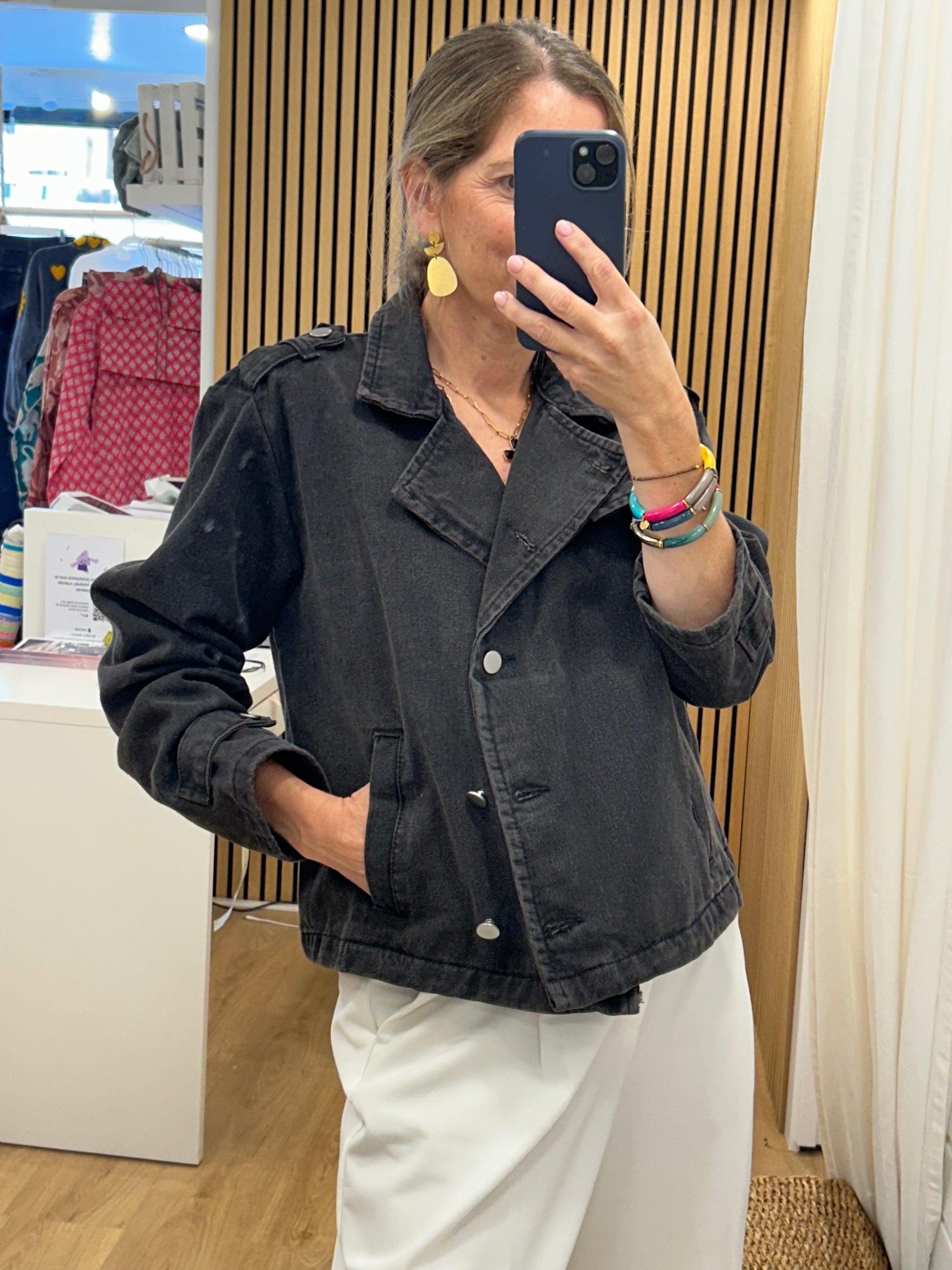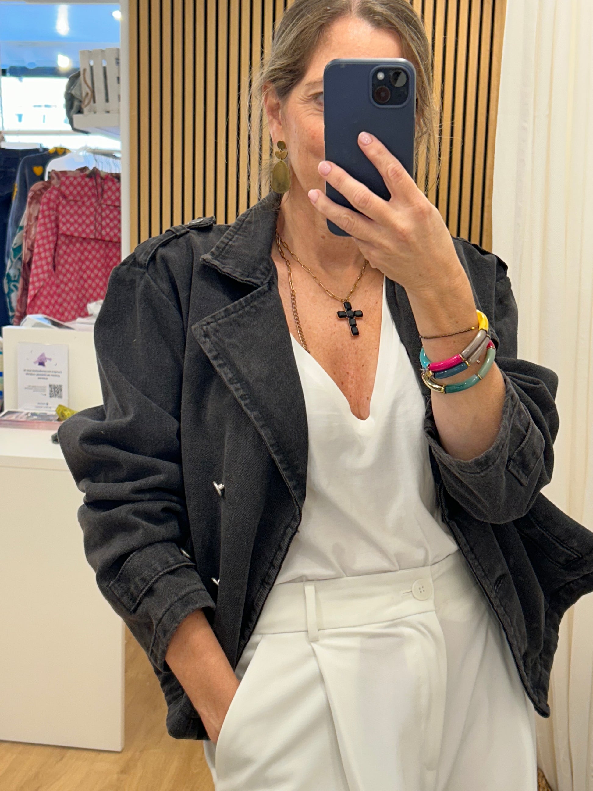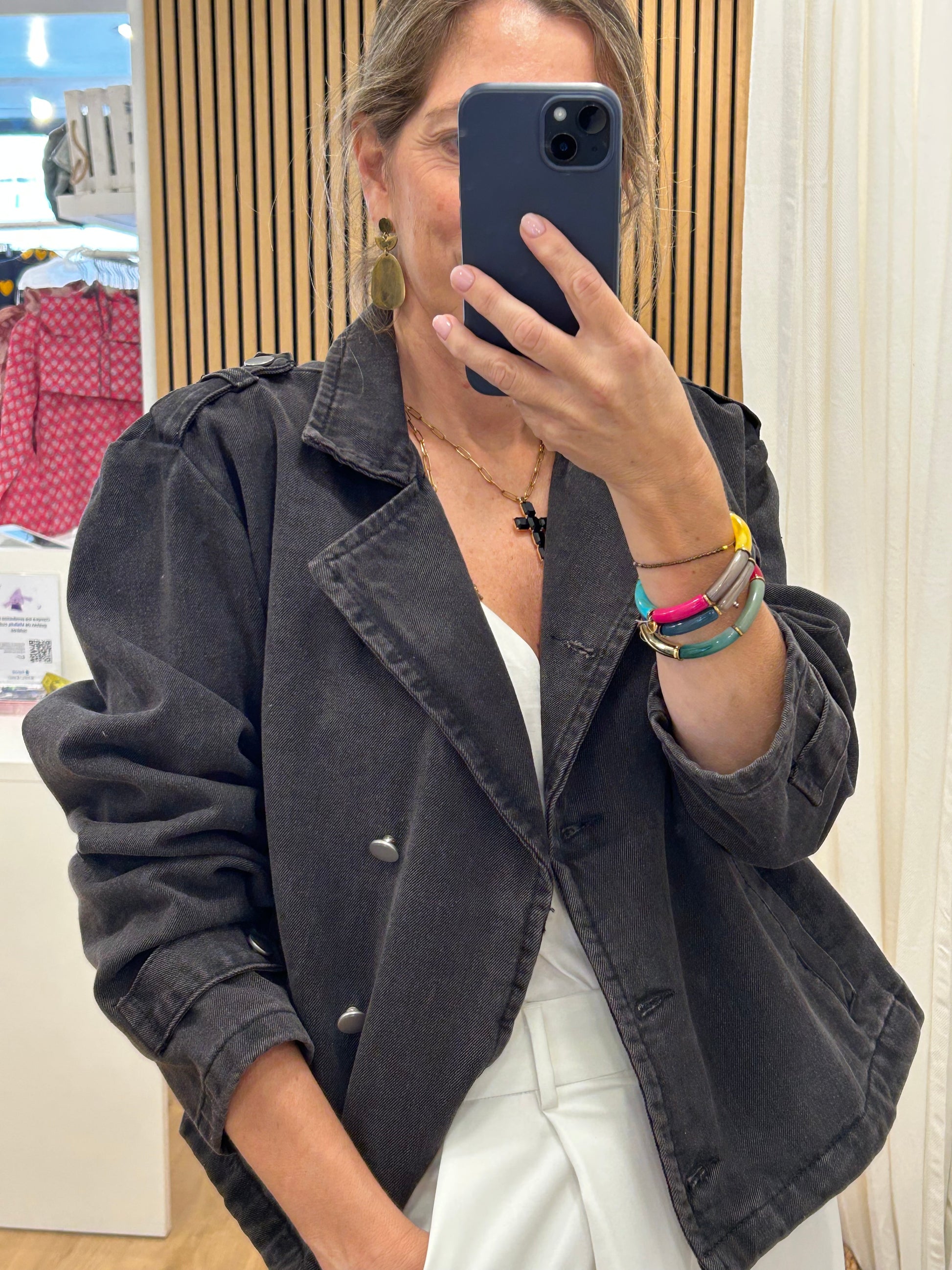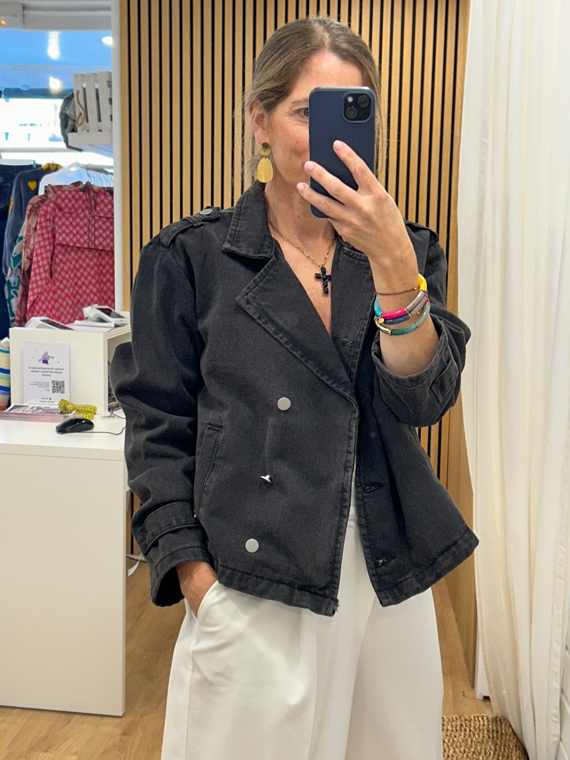 Cazadora en tejido denim gris oscuro. El patrón es como el de una gabardina cortita, súper en tendencia, y el tejido dénim le da un rollo espectacular.
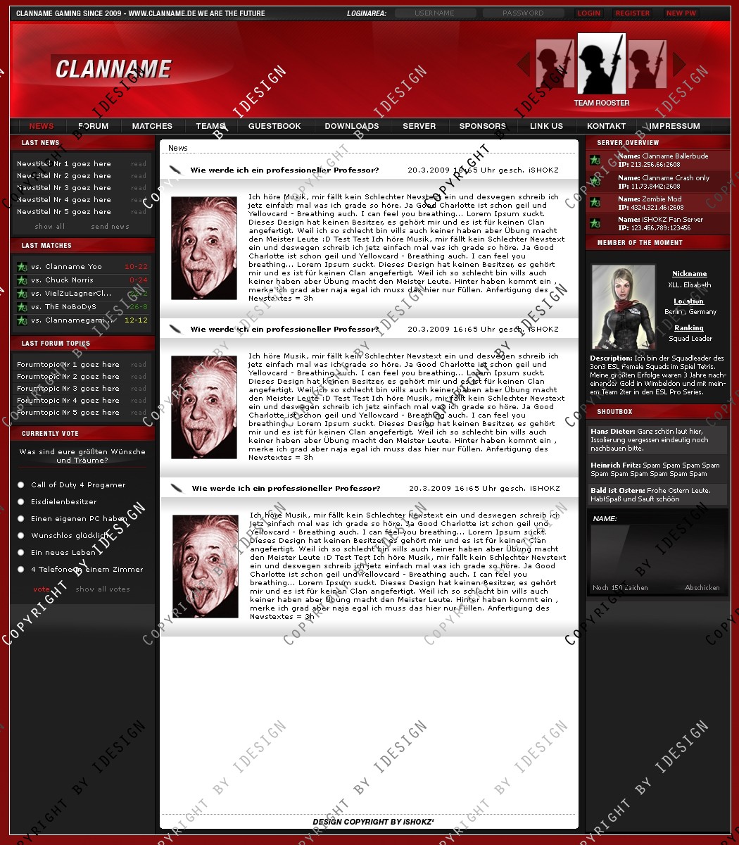 Dies ist ein professionelles Clandesign. Eine übersichtliche und geordnete psd Datei mit allen vorhandenen Ebenen ist vorhanden. Bei weiteren Fragen oder Support wenden sie sich per E-mail an "[email protected]" Dieses Design gibt es auch in Blau, schaut bei meinen Produkten.
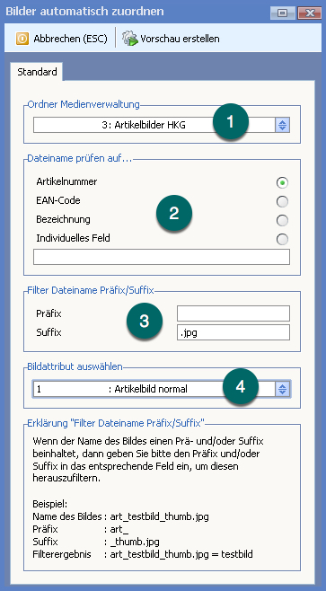 Tragen Sie Präfix und Suffix des Dateinamen ein, so dass nur der teil des Dateinamens verglichen wird, der dem Inhalt im zugeordneten Feld (Artikelnummer, EAN usw. – siehe Pkt. 2) entspricht.
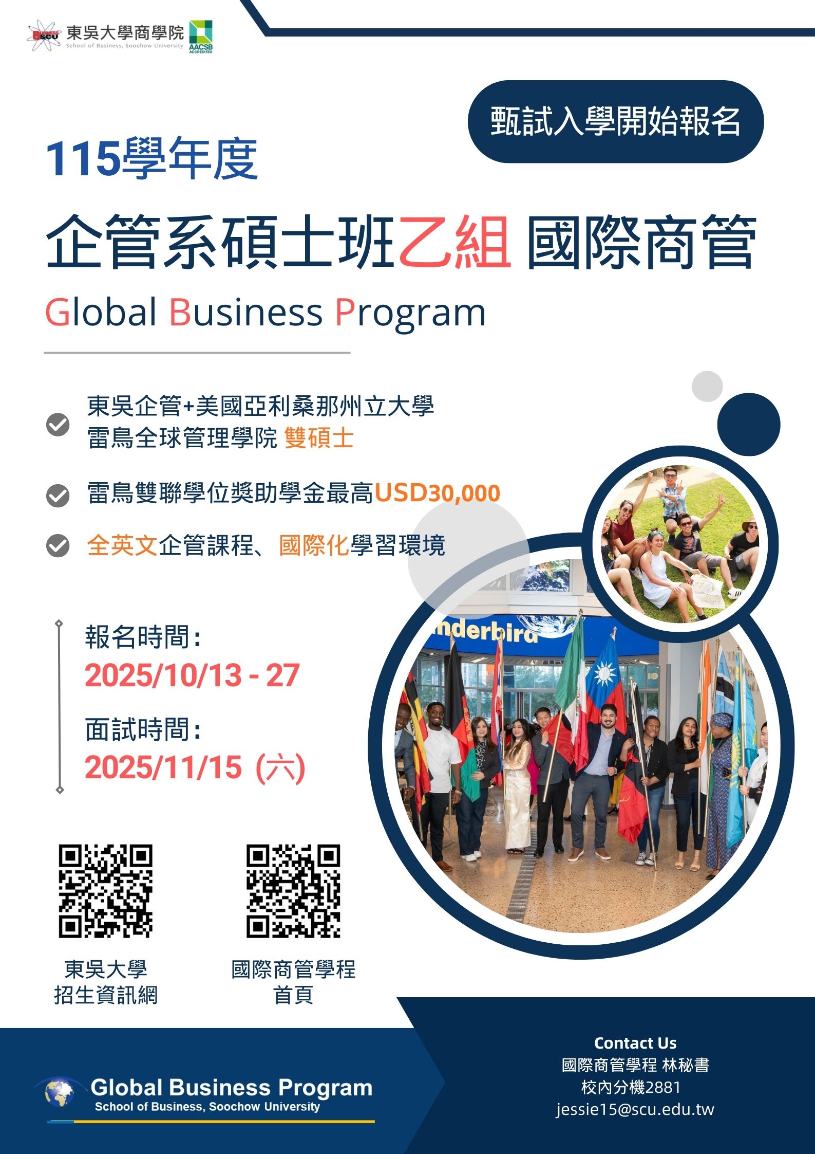 東吳大學115學年度企管系碩士班乙組 (國際商管)
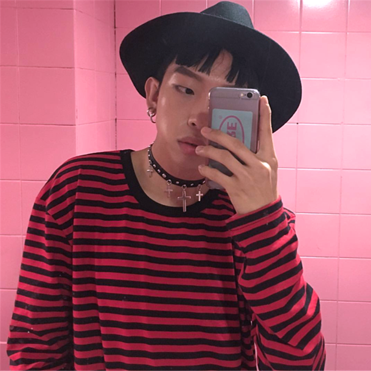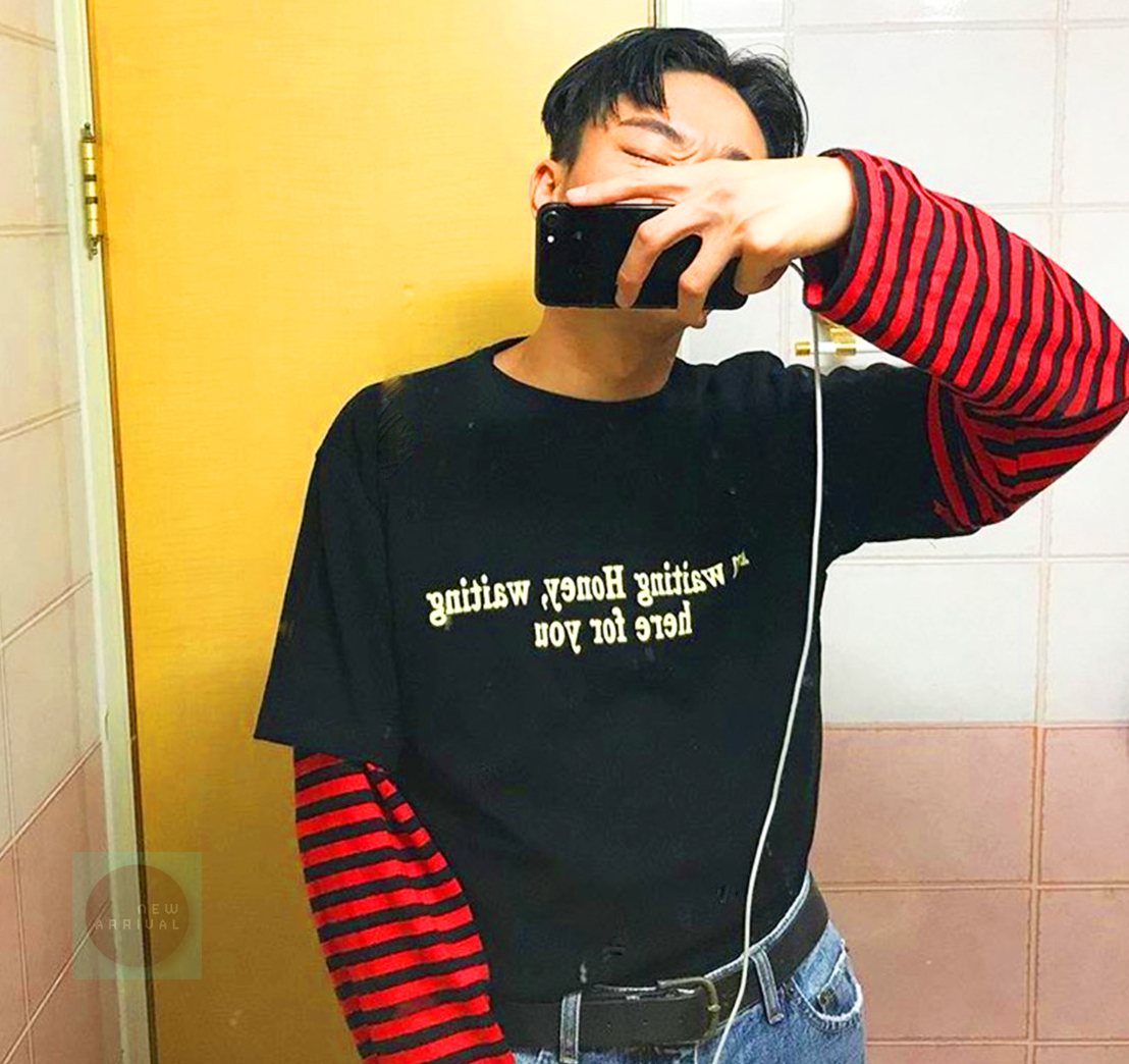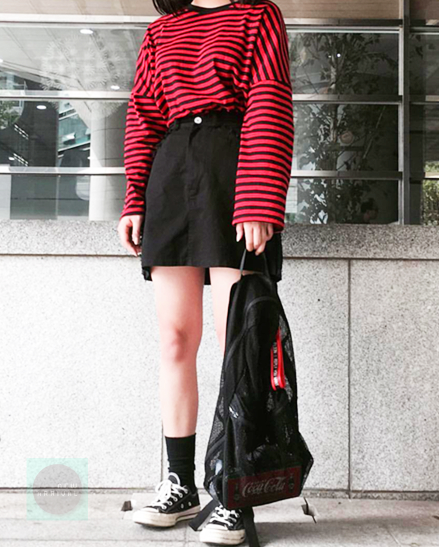 Free Shipping-90'S RED / WHITE LONG SLEEVE TEE

WHAT YOU ARE ASKED TO DO: Omitting all images, print the listing exactly.

EXERCISE ANSWER:
 Cazadora en tejido denim gris oscuro. El patrón es como el de una gabardina cortita, súper en tendencia, y el tejido dénim le da un rollo espectacular.
 Dies ist ein professionelles Clandesign. Eine übersichtliche und geordnete psd Datei mit allen vorhandenen Ebenen ist vorhanden. Bei weiteren Fragen oder Support wenden sie sich per E-mail an "[email protected]" Dieses Design gibt es auch in Blau, schaut bei meinen Produkten.
 Tragen Sie Präfix und Suffix des Dateinamen ein, so dass nur der teil des Dateinamens verglichen wird, der dem Inhalt im zugeordneten Feld (Artikelnummer, EAN usw. – siehe Pkt. 2) entspricht.
 東吳大學115學年度企管系碩士班乙組 (國際商管)
 Free Shipping-90'S RED / WHITE LONG SLEEVE TEE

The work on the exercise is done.